Task prompt | The copy must hold every line from the one with "Beginner-friendly solid granny" through the end of the listing, word for word, and must hold no pictures.

Supplied data |
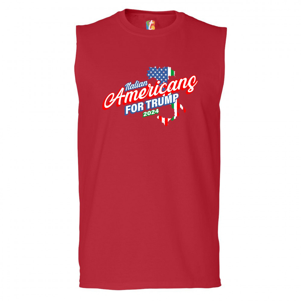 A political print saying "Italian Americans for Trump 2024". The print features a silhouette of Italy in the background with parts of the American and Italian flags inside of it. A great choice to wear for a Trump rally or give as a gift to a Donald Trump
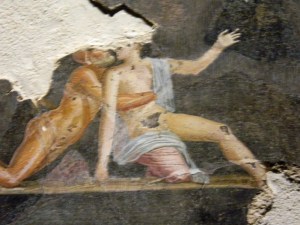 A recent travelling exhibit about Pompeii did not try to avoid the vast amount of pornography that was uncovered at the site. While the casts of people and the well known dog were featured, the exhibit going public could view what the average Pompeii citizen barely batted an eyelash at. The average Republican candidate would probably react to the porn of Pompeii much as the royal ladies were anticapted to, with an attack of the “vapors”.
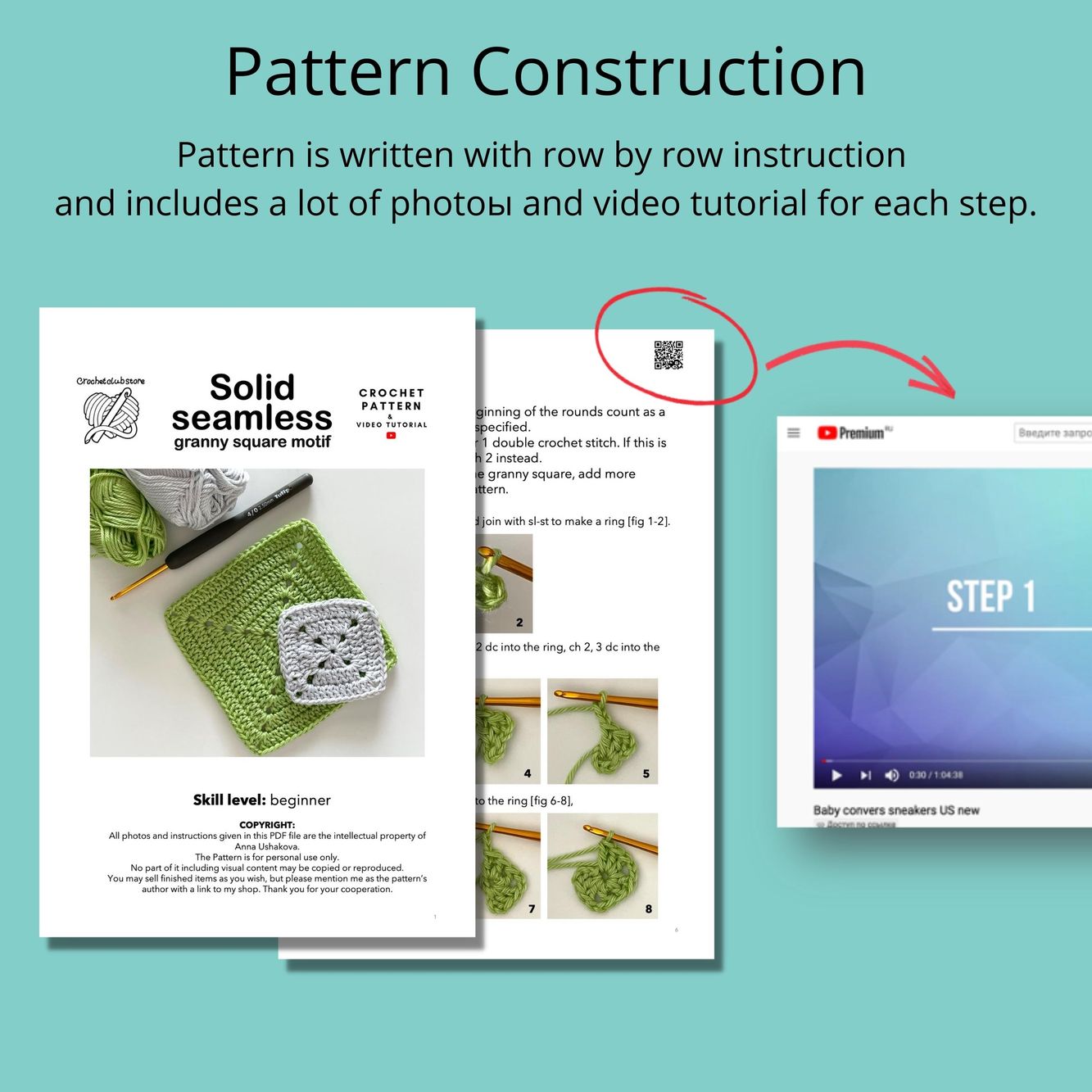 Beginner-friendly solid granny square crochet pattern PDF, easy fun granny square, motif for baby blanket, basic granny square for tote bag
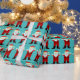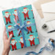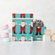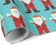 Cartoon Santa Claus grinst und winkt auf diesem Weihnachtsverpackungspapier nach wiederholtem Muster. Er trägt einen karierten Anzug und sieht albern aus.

Task answer |
 Beginner-friendly solid granny square crochet pattern PDF, easy fun granny square, motif for baby blanket, basic granny square for tote bag
 Cartoon Santa Claus grinst und winkt auf diesem Weihnachtsverpackungspapier nach wiederholtem Muster. Er trägt einen karierten Anzug und sieht albern aus.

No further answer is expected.